-- DATASET RECORDS follows --

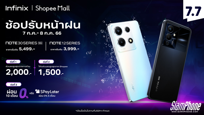 อินฟินิกซ์ (Infinix) แบรนด์สมาร์ทโฟนราคาคุ้มค่า ครบครันทุกการใช้งาน และตอบโจทย์ไลฟ์สไตล์คนรุ่นใหม่ รวมโปรโมชันดี ดีลปัง 7.7 เอาใจขาช้อปออนไลน์และผู้ใช้งานทุกคน ให้สามารถเป็นเจ้าของสมาร์ทโฟนตัวท็อปรุ่นฮิตในราคาที่ดีที่สุด คุ้มที่สุด อาทิ NOTE 30 Series, NOTE 12 Series, HOT 30 Series, HOT 20 Series และ SMART 7 ด้วยการมอบส่วนลดสูงสุด 2,000* บาท พร้อมรับข้อเสนอพิเศษผ่อน 0% นาน 10 เดือน* เมื่อซื้อสินค้าที่ร่วมรายการ โดยสามารถซื้อสินค้าได้ที่ร้าน Infinix Official Store บน Shopee, Lazada และ Tiktok Shop
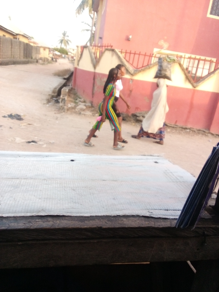 Three women walk along a dirt road in front of a pink and white building. Two are dressed in Western clothing, while one wears a white head covering and carries something on her head. Other buildings and a palm tree are visible in the background. The lower part of the image shows the edge of a wooden surface, partially obscuring the scene.
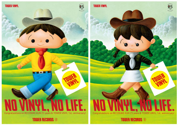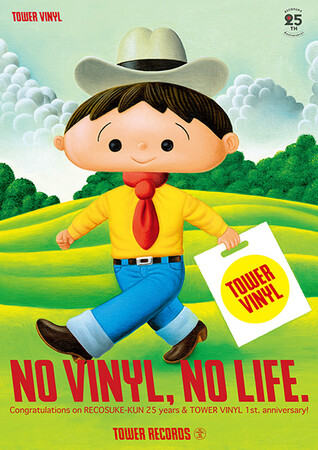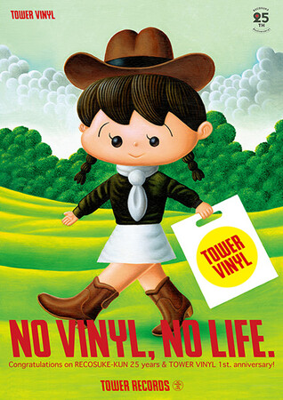 今年の春からスタートした誕生25周年のレコスケくんとのコラボレーションでは、コラボステッカーを配布するなどの施策を実施してきました。今回の周年キャンペーンでは、新しく油絵で描き下ろされた奥行きたっぷりのレコスケくんとレコガール2種のヴィジュアルが登場。この「NO VINYL, NO LIFE.」ポスターは、タワーヴァイナル渋谷限定で掲示します。
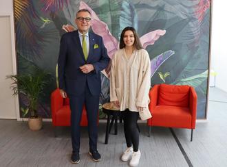 Oberbürgermeister Thomas Feser und Baby-Beach-Geschäftsführerin Hanna Liu freuen sich, dass BIN-WLAN so gut angenommen wird.
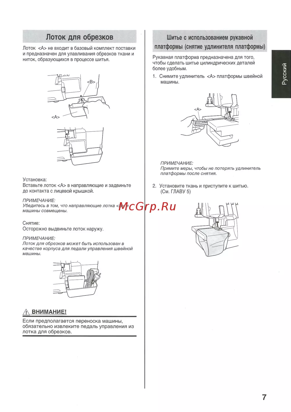Лоток А не входит в базовый комплект поставки и предназначен для улавливания обрезков ткани и ниток образующихся в процессе шитья Шитье с использованием рукавной платформы снятие удлинителя платформы Рукавная платформа предназначена для того чтобы сделать шитье цилиндрических деталей более удобным Русский Лоток для обрезков 1 Снимите удлинитель А платформы швейной машины ПРИМЕЧАНИЕ Примите меры чтобы не потерять удлинитель платформы после снятия Установка Вставьте лоток А в направляющие и задвиньте до контакта с лицевой крышкой 2 Установите ткань и приступите к шитью ПРИМЕЧАНИЕ Убедитесь в том что направляющие лотка В и машины совмещены Снятие Осторожно выдвиньте лоток наружу ПРИМЕЧАНИЕ Лоток для обрезков может быть использован в качестве корпуса для педали управления швейной машины Д ВНИМАНИЕ ______________________ Если предполагается переноска машины обязательно извлеките педаль управления из лотка для обрезков 7
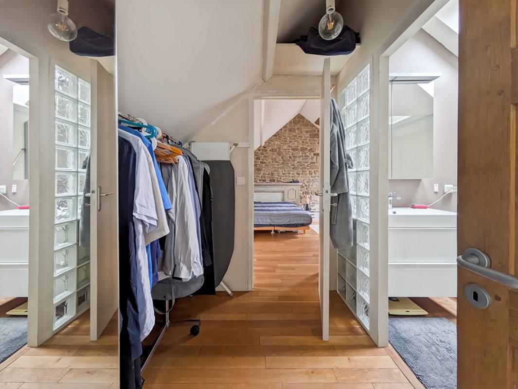 A l’étage: une grande chambre avec salle d’eau/WC, coin dressing, une deuxième chambre et une salle de bain.
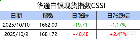 华通白银现货指数CSSI走势日报,今日指数1662.00,日涨跌-19.71,日涨跌-1.17%
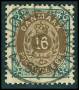 1875. 16 øre grå/brun med ovalfejl: Plet i ovalbåndet.
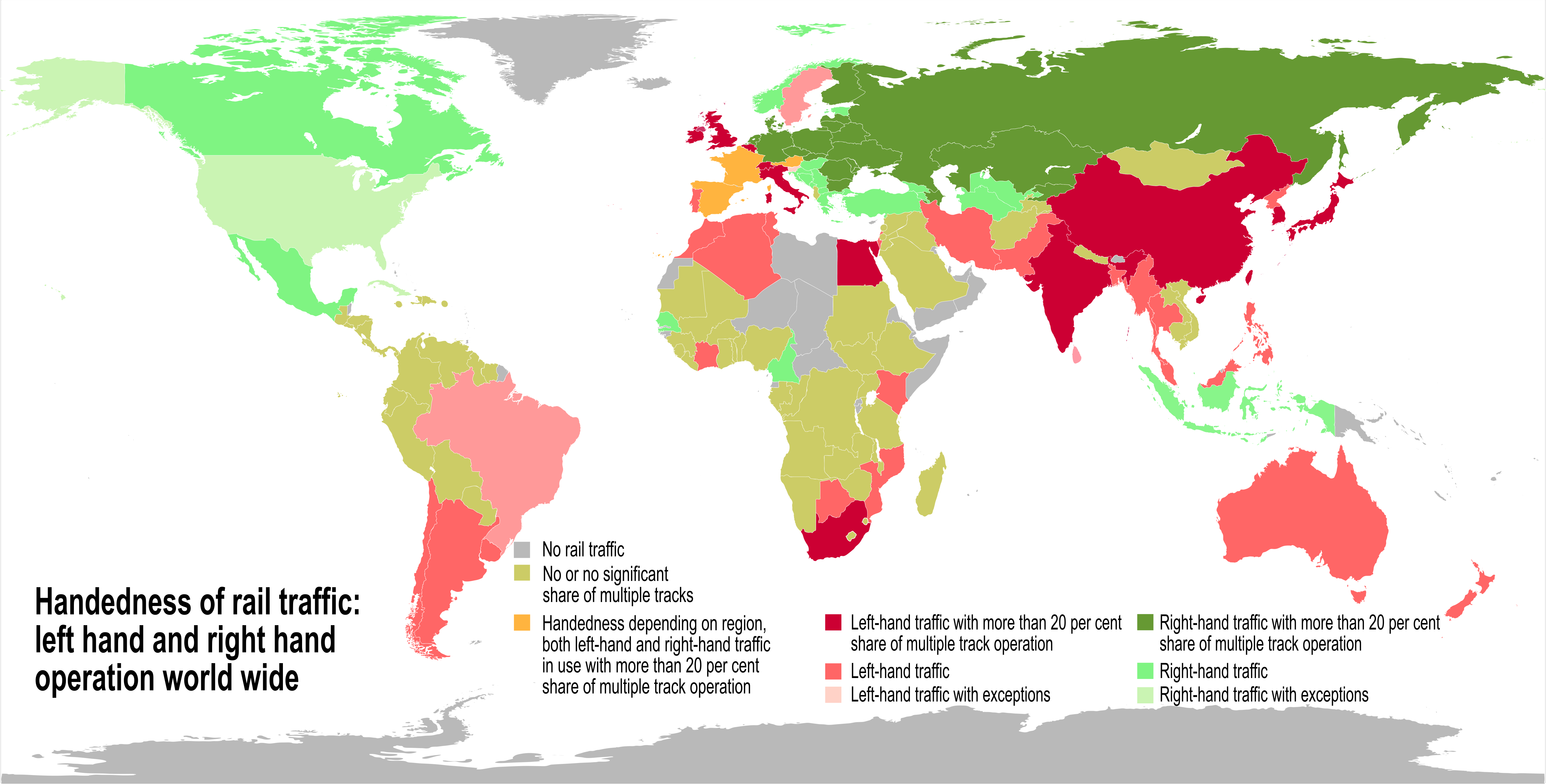 어떤 나라에서든 철도 교통은 일반적으로 이중 선로의 한쪽으로 운행되며, 항상 도로 교통과 같은 쪽은 아니다. 따라서 벨기에, 중국, 프랑스(옛 독일령 알자스와 로렌의 기존 노선 제외), 스웨덴(말뫼와 그 이남 지역 제외), 스위스, 이탈리아 및 포르투갈에서는 철도가 왼쪽 통행을 사용하는 반면 도로는 오른쪽 통행을 사용한다. 그러나 많은 예외가 있다.
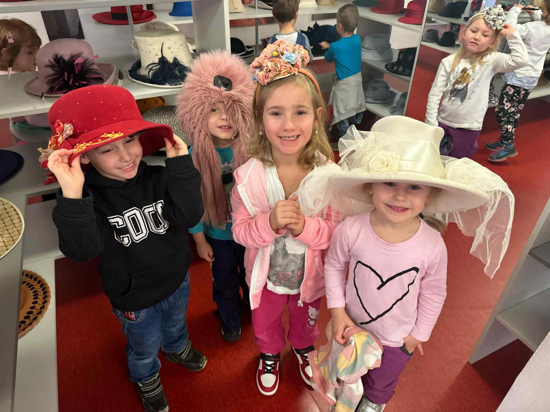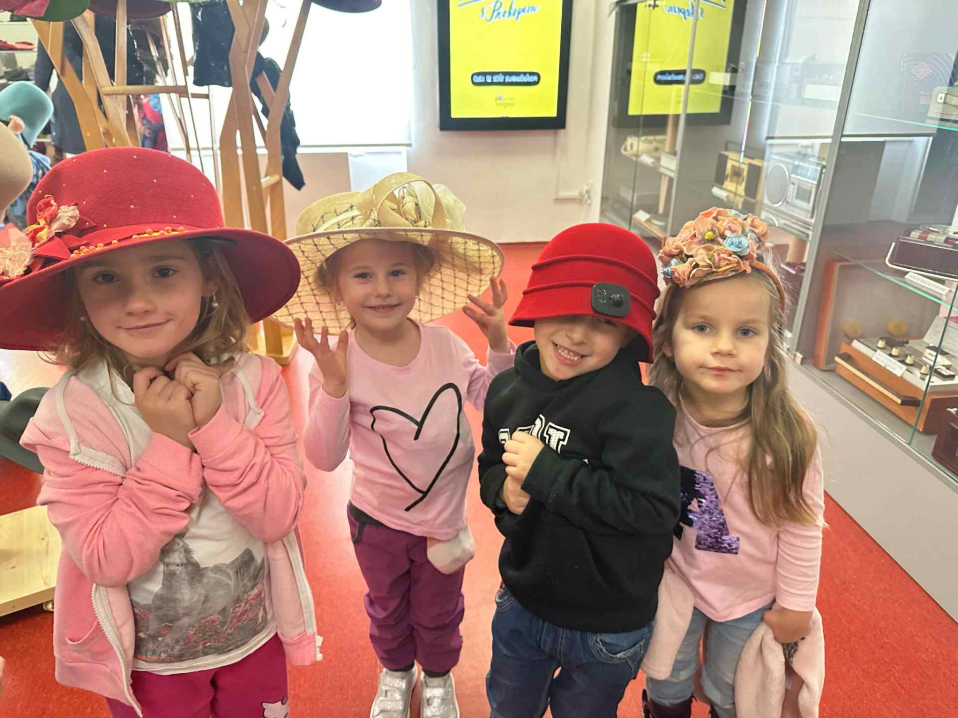 Děti z oddělení Hvězdiček z mateřské školy zažily výjimečný den plný kreativity a poznávání historie – navštívily Muzeum klobouků v Novém Jičíně. Prohlédly si a vyzkoušely různé typy klobouků: od elegantních klobouků z minulosti až po moderní klobouky, a dozvěděly se zajímavosti o jejich výrobě.

-- DATASET RECORDS concluded --

● WHAT YOU NEED TO DO
Retype the lines starting with the one that holds "A l’étage: une" and ending with the last line of the data above, both included; skip the pictures.

● EXERCISE RESPONSE
 A l’étage: une grande chambre avec salle d’eau/WC, coin dressing, une deuxième chambre et une salle de bain.
 华通白银现货指数CSSI走势日报,今日指数1662.00,日涨跌-19.71,日涨跌-1.17%
 1875. 16 øre grå/brun med ovalfejl: Plet i ovalbåndet.
 어떤 나라에서든 철도 교통은 일반적으로 이중 선로의 한쪽으로 운행되며, 항상 도로 교통과 같은 쪽은 아니다. 따라서 벨기에, 중국, 프랑스(옛 독일령 알자스와 로렌의 기존 노선 제외), 스웨덴(말뫼와 그 이남 지역 제외), 스위스, 이탈리아 및 포르투갈에서는 철도가 왼쪽 통행을 사용하는 반면 도로는 오른쪽 통행을 사용한다. 그러나 많은 예외가 있다.
 Děti z oddělení Hvězdiček z mateřské školy zažily výjimečný den plný kreativity a poznávání historie – navštívily Muzeum klobouků v Novém Jičíně. Prohlédly si a vyzkoušely různé typy klobouků: od elegantních klobouků z minulosti až po moderní klobouky, a dozvěděly se zajímavosti o jejich výrobě.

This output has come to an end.